The HQV Benchmark

By Ed Tittel, published on May 2, 2007
Source: Tom's Guide US | Keywords: , , , ,

13. The HQV Benchmark

HQV stands for Hollywood Quality Video. The HQV DVD video benchmark includes a regular DVD with different scenes that present potential visual problems to a DVD decoder. Points are awarded if the decoder handles the problems so that viewers don't see them; points are not awarded if it doesn't do the job. In looking over our benchmark results, we immediately observed that the Intel and AMD processors scored the same, irrespective of their model numbers (and in fact, the results from both processors are pretty similar).

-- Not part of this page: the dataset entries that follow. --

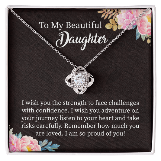 To My Beautiful Daughter Necklace Gift – Love Knot Pendant with Heartfelt Message Card
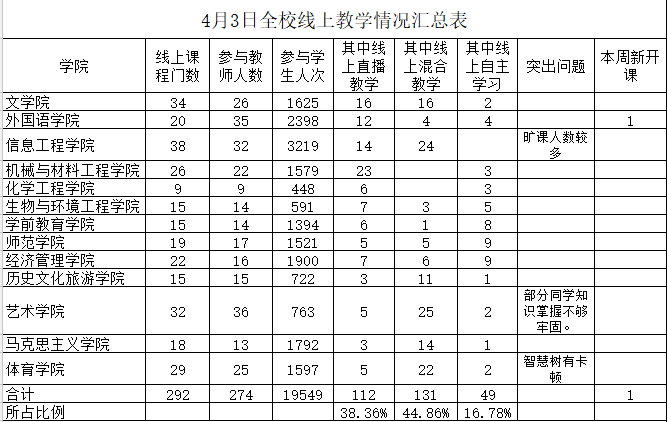 学校坚持“日统计—周汇报—月反馈”的常态化在线教学质量监控制度。各教学单位每日统计在线教学信息并上报教务处备案;教务处每周发布在线教学简报,各教学单位每周召集教学例会,交流线上教学经验,加强线上教学研判,及时总结经验;教务处每月根据问卷调查结果和校级教学督导听评课情况撰写并发布在线教学质量报告。学校在常态化监控基础上进一步加强在线教学质量监控与研判,4月初组织各二级学院总结在线教学阶段性工作,提炼经验、反思问题,梳理下一步改进工作思路。
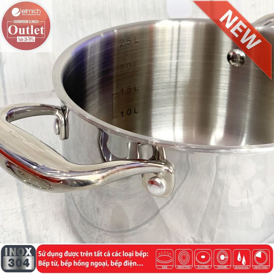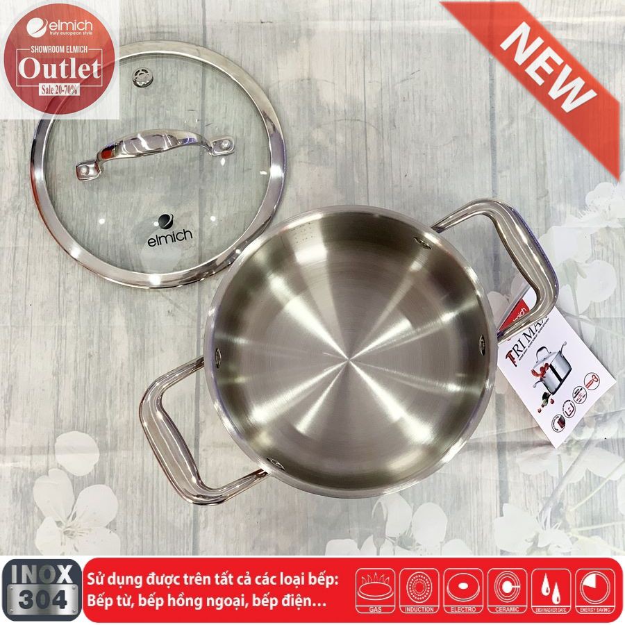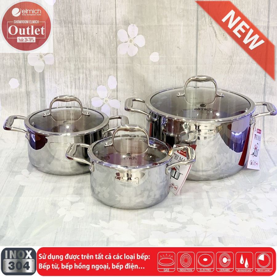 Nhà cửa & Đời sống > Dụng cụ nhà bếp > Nồi || Nồi Nấu Inox 304 3 lớp Đáy Liền ELMICH TriMaxXS 18/20/24/26/28Còn hàng
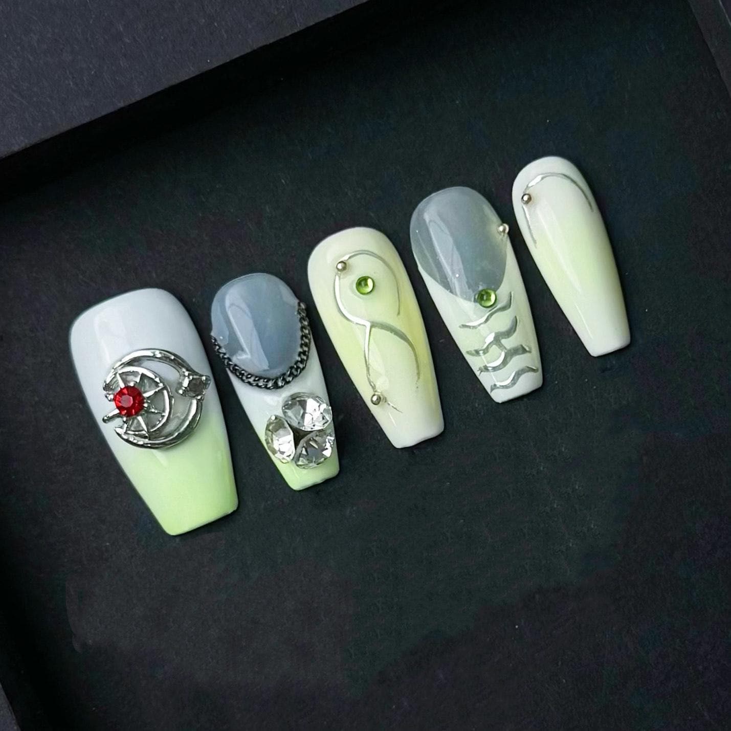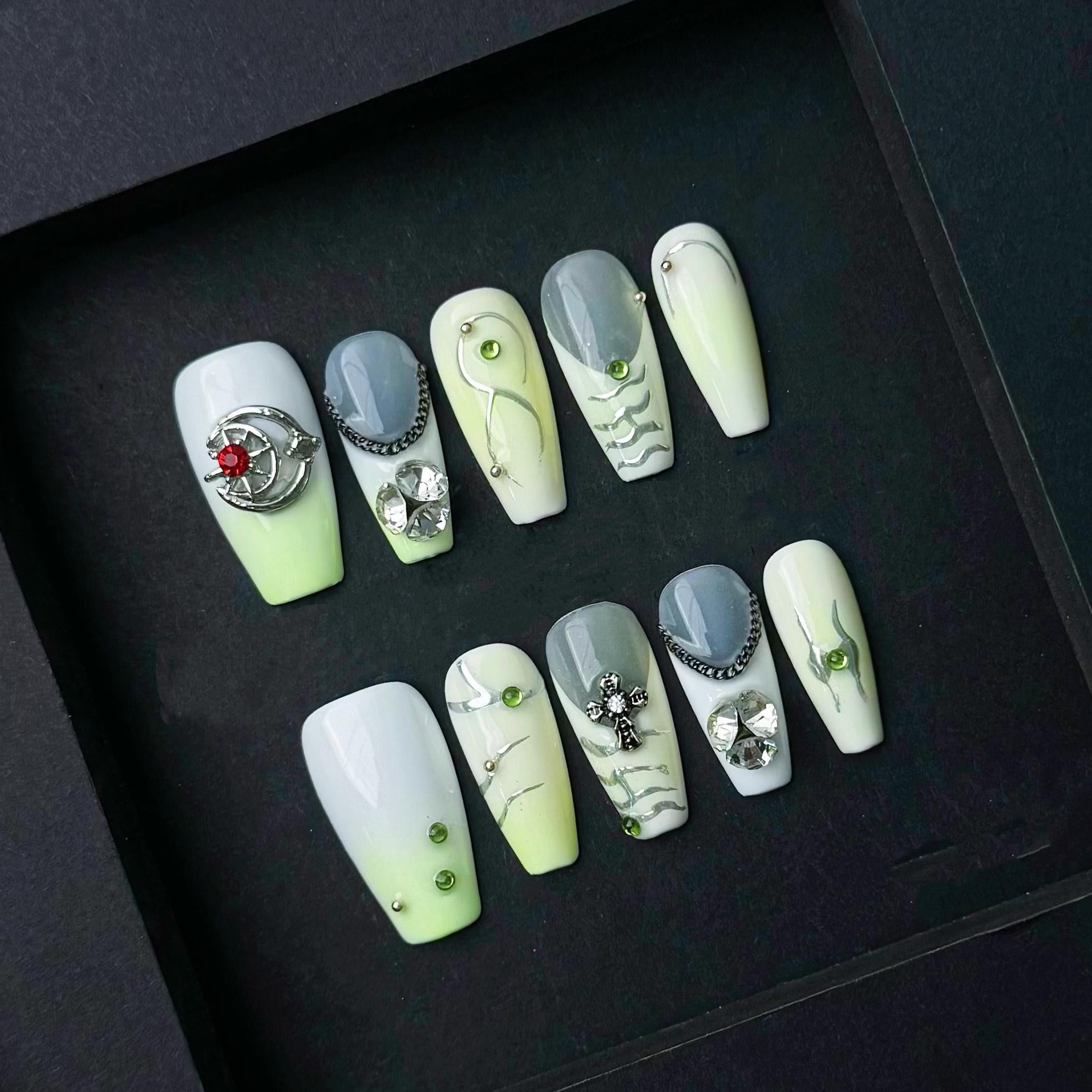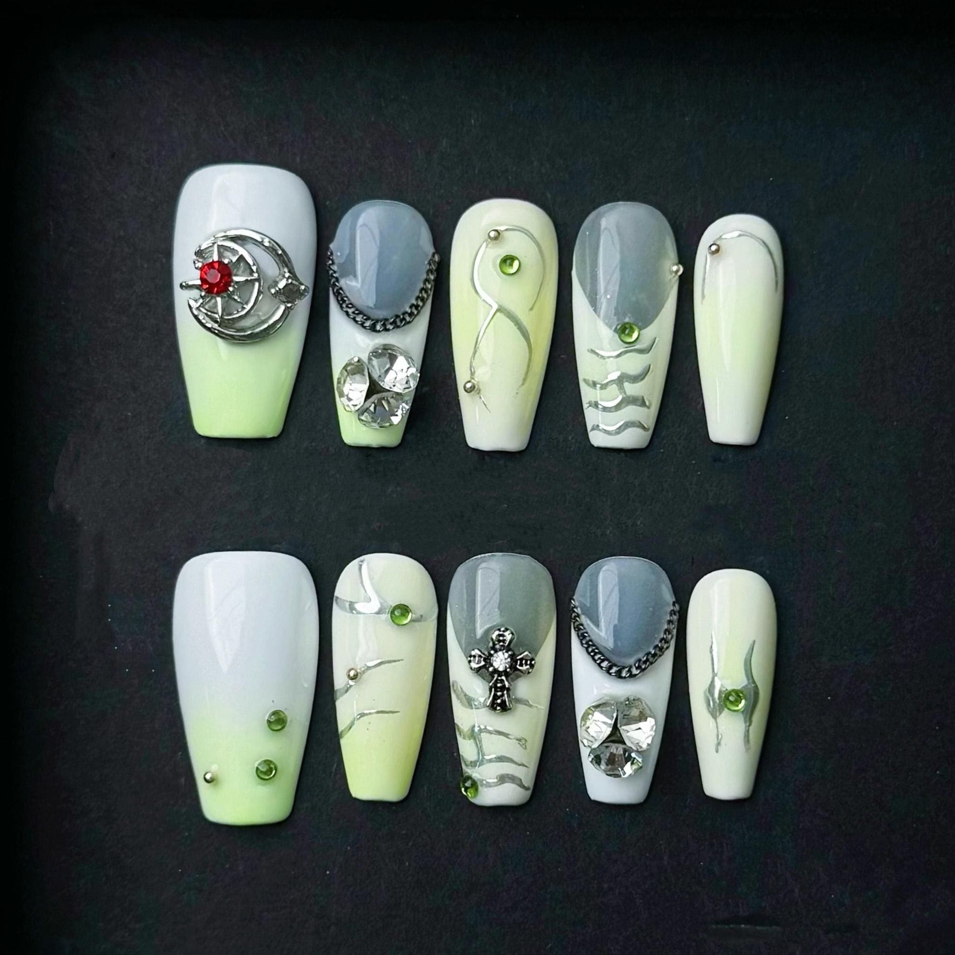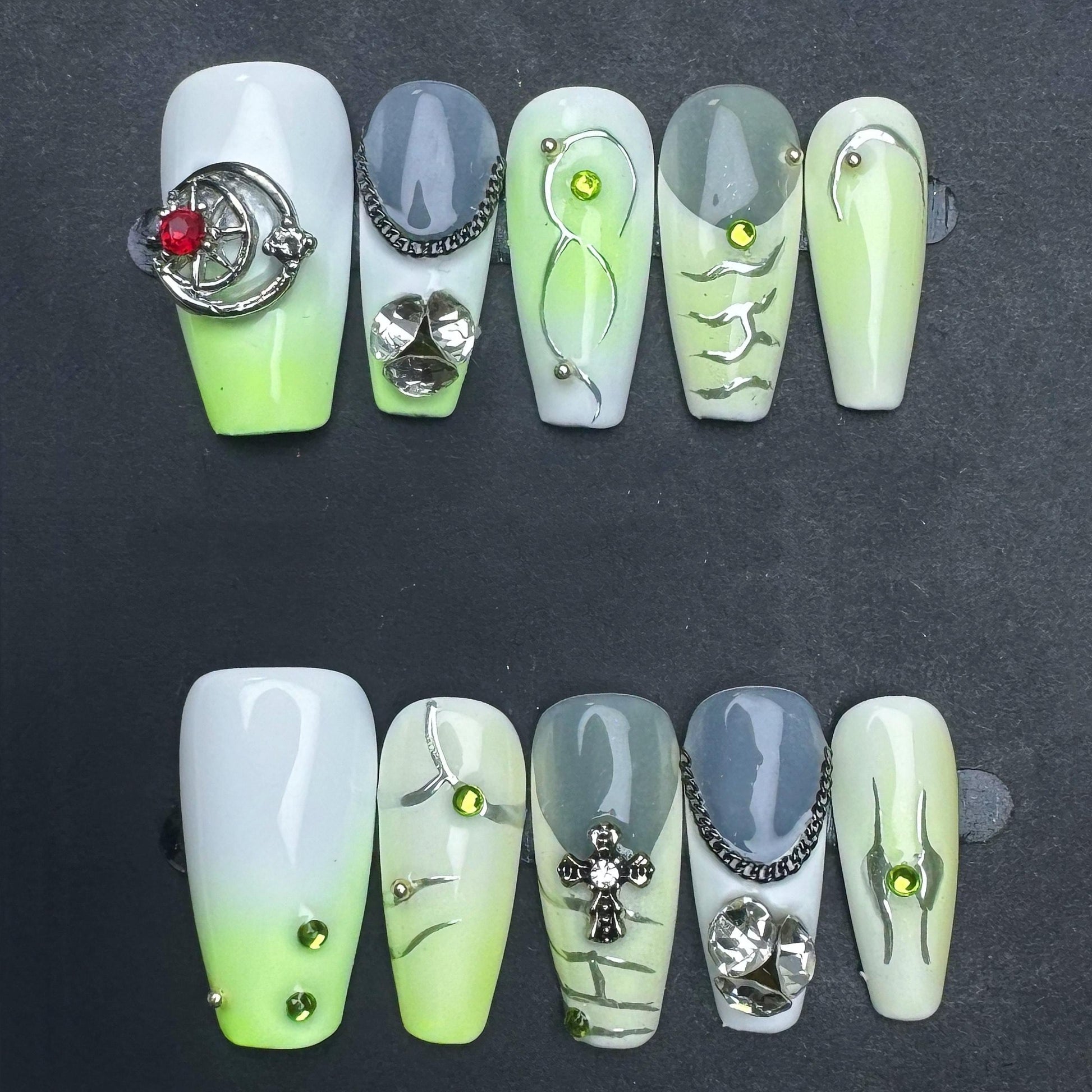 This avant-garde set of press on nails features a moody green-to-white ombré base mixed with glossy gray tips and high-contrast metallic accents. Chrome embellishments, neon green rhinestones, silver chains, and cross charms bring bold detail and texture to the abstract designs. Each nail has a unique arrangement of 3D elements—crystals, studs, and curved silver lines—creating an industrial, cyber-grunge aesthetic. Perfect for alternative fashion lovers or anyone looking to elevate their style with a rebellious edge. Handmade for a high-impact, art-forward finish.

Rather than stepping you through the entire sequence of tests and explaining them in detail, we refer you to Don Woligroski's January 9, 2007, article for Tom's Hardware entitled Avivo vs. Purevideo, Round 1 wherein he walks readers through the whole shebang. Here, we provide a brief table instead that summarizes results for each vendor's CPUs with a one-liner explanation and remarks for each one. We need only observe here that each test (or sub-test, when a particular test involves multiple versions or iterations) produces a score (maximum scores vary), where the score indicates the degree to which the decoder can handle things perfectly.

Test Name Max. Score AMD Intel Explanation/remarks
De-interlacing color 10 10 10 Able to show small color bars flicker-free
De-interlacing jaggies 1 5 5 5 Looks for jaggies rotating a line in a circle
De-interlacing jaggies 2 5 3 3 3 small lines moving slightly within an arc
De-interlacing: flag test 10 10 10 Actual video of Old Glory flapping away
Detail enhancement 10 10 10 Enhance detail of blurry parts in video scene
Noise reduction 10 10 5 Ability to remove compression artifacts
Motion adaptive noise reduction 10 10 10 Ability to show motion with no motion trails of smearing artifacts
Film detail
(2:3 pulldown)
10 10 10 Conversion of film to video, Intel got noted (but not dinged) for failing 2:3 pulldown detection
Film Cadence 40 25 25 Eight tests of 5 points each; pass or fail; tests for flicker or jaggies
Scrolling titles (horiz) 10 5 5 Looks for jaggies or artifacts in title text
Scrolling titles (vert) 10 5 5 Looks for jaggies or artifacts in title text
TOTALS 130 93 88 AMD edges Intel only in noise reduction

Overall, the CPU seems to make very little difference in the output of high quality video when everything except CPU and motherboard stay the same between builds. We have to guess this reflects the common graphics card more than differences among CPUs.